**GOAL OF THE EXERCISE**
Would it be possible to output exactly, and only, the lines below from the one holding "925 Sterling Silver" to the last line, both included, with every picture left out?

(Dataset items)
· · · ·

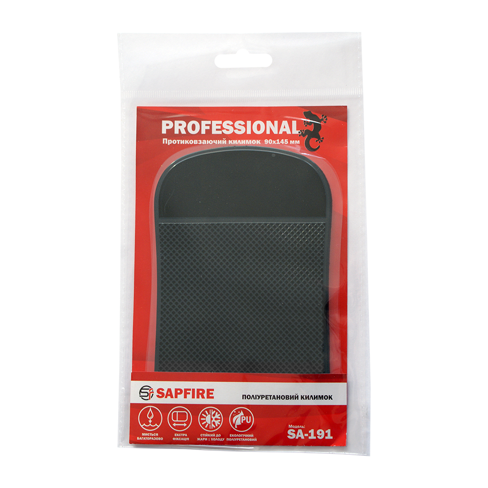 Протиковзаючий килимок SA-191 PROFESSIONAL від ТМ SAPFIRE використовується для закріплення або утримання телефону, смартфону, навігатора, окулярів і всякої дріб'язку на панелі приладів Вашого автомобіля, лодки тощо.
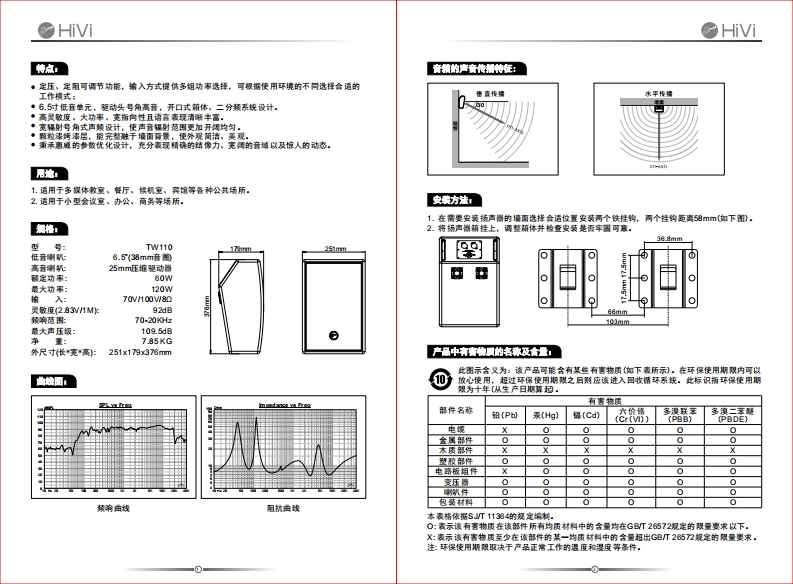惠威壁挂扬声器系统(TW110 MANUAL)V速威美国HiViAcoustc气ne11630 Gddring RoadArcada.CA 91006.USARt+16269E00e0cFa1c+16269300E09V随威中国珠海市威料技有限公同广存珠海市联速工业区大林山片区东成路南1号电话.07年-68035传商:07566263006,6还8052客户服务搞线:400-0E09199产品说明书因设计变更等原因,所示资料可能与实物不符,怎不另行通知。www.hivi.comDue to the reasons inthe change of de sign or others.product information containedhere may not beincon formity with product itselt Wereserve the right of no pror nodice before change.
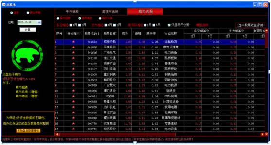 ②点击牛熊判市界面右侧的当前市场下适合的策略按钮,弹出“一键选股”界面后,选择所要选股的日期(系统默认为当日),点击计算按钮。
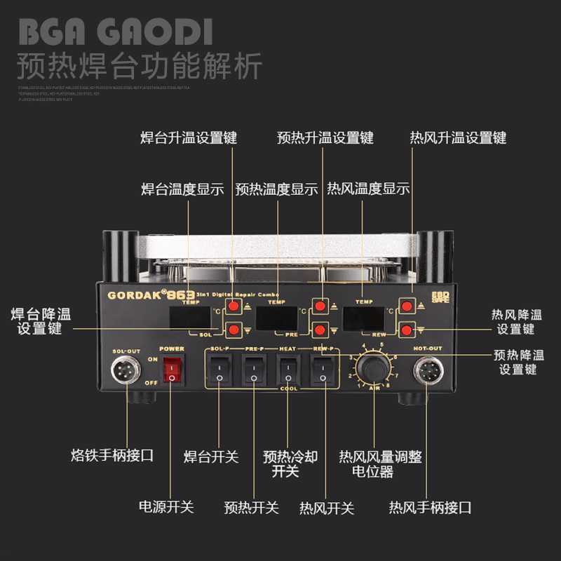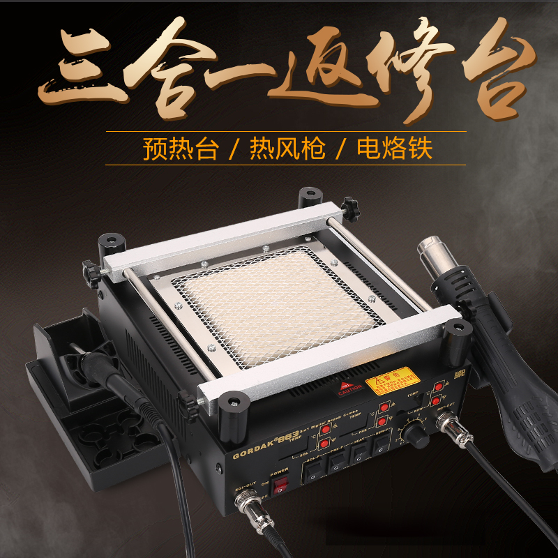 Gaudi 863 digital display heating table Three-in-one preheating table BGA rework table Hot air gun desoldering table Anti-static soldering iron
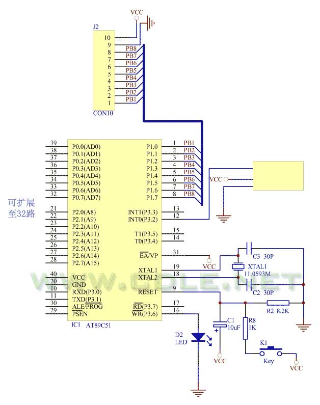 论坛上有一些朋友希望能DIY多路的红外遥控开关,我在此做了一个DOME版的,同样用我熟悉的SAA3010T的解码程序(省下了不少时间),程序可以直接用于AT89C51或AT89C2051或相容的芯片,用2051时,P1.0,P1.1要用10K电阻上拉。使用一体化接收头时电源方面一定要做好滤波,如用大的滤波电容使直流更加的稳定,用104(0.1uF)的小电容去掉高频等等,只有这样才能在一定程序上提高抗干扰性。在程序方面,我这里做的很简单,用了遥控器的1-8号键做1-8的继电器控制,按一下为继电器通,再按一下为继,二次按键的间隔时间大约在1秒钟,这样就可以避免按一次键会使继电器返复通断(按一次键的时间不定发送键值的次数也不定)。还用了遥控的电源按键,按下时所有断电器关闭。这个电路如果使用AT89C51的话可以找到32路或更多的控制。有网友说要做兼容多遥控学习型的,我想也是可行的,那会用到IC2器件,存储收到的数据做为学习,接收时再对比对,但是如果你的数据较多的话会造成速度慢等问题。我个人认为还是用专一的遥控器好点,比如说你用电视遥控去遥控电视和红外开关,当你要开电视或许同时会触发到红外开关。
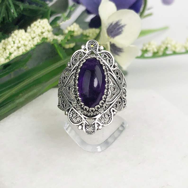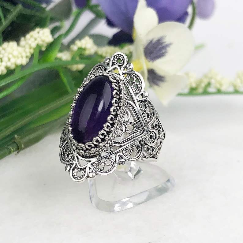 925 Sterling Silver Natural Amethyst Ring Genuine Purple Handmade Artisan Crafted Filigree Oval Statement Jewelry Fine Rings
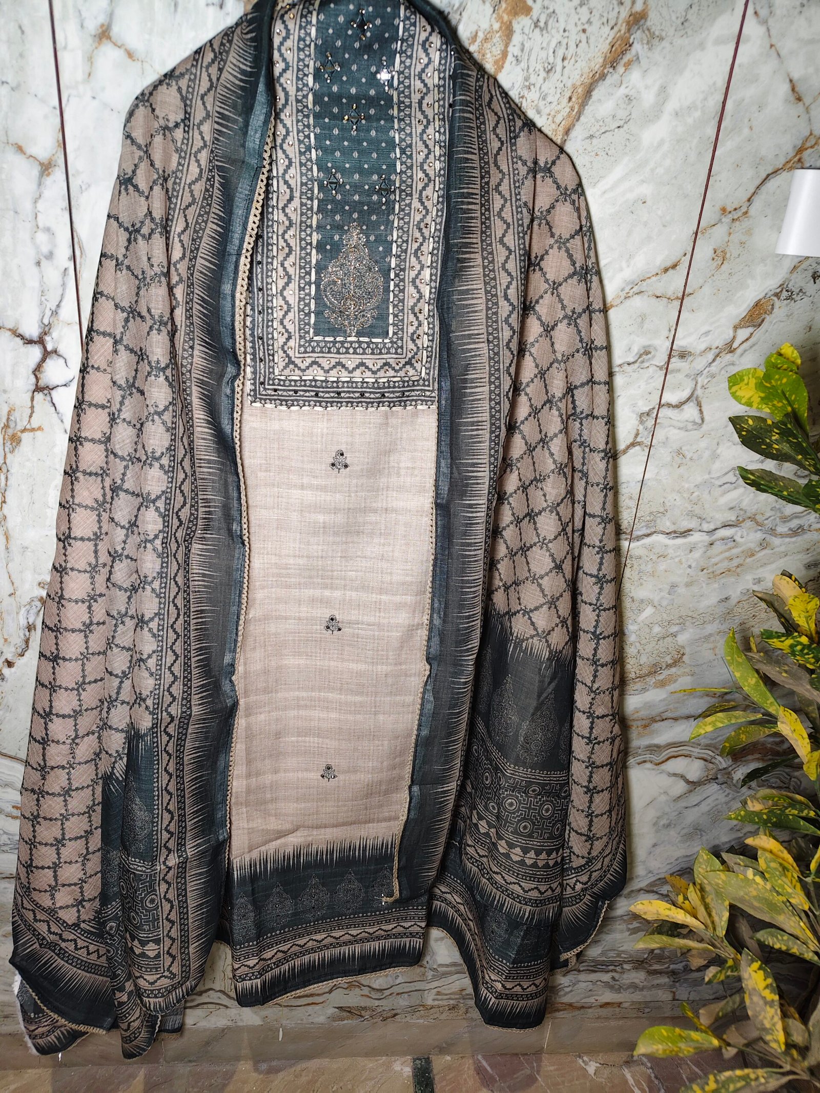 Khadi linen cotton 3-piece suit with mirror, thread, neemzari and kundan work on neckline
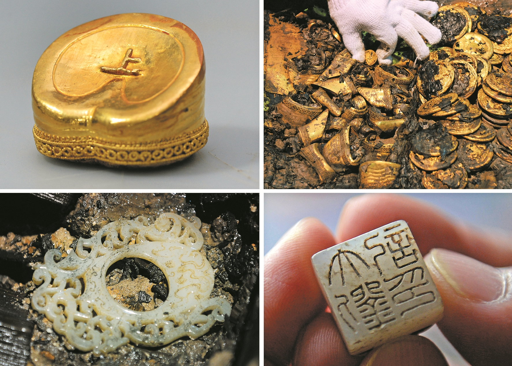 图?:这是一张拼版照片。左上图:海昏侯墓出土的马蹄金(2015年11月24日摄);右上图:海昏侯墓主棺出土的金饼、马蹄金、麟趾金和金板(2015年12月24日摄);左下图:海昏侯墓出土的玉佩(2015年11月18日摄);右下图:海昏侯墓出土的玉印(2015年12月13日摄)。
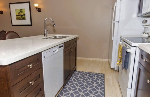 Beautiful one bedroom that comes with two TVs, jacuzzi ted, glass stand-up showers, large breakfast island, full kitchen, washer and dryer, spacious balcony, gas fireplace seating are and so much more.

· · · ·

**WRITTEN SOLUTION**
 925 Sterling Silver Natural Amethyst Ring Genuine Purple Handmade Artisan Crafted Filigree Oval Statement Jewelry Fine Rings
 Khadi linen cotton 3-piece suit with mirror, thread, neemzari and kundan work on neckline
 图?:这是一张拼版照片。左上图:海昏侯墓出土的马蹄金(2015年11月24日摄);右上图:海昏侯墓主棺出土的金饼、马蹄金、麟趾金和金板(2015年12月24日摄);左下图:海昏侯墓出土的玉佩(2015年11月18日摄);右下图:海昏侯墓出土的玉印(2015年12月13日摄)。
 Beautiful one bedroom that comes with two TVs, jacuzzi ted, glass stand-up showers, large breakfast island, full kitchen, washer and dryer, spacious balcony, gas fireplace seating are and so much more.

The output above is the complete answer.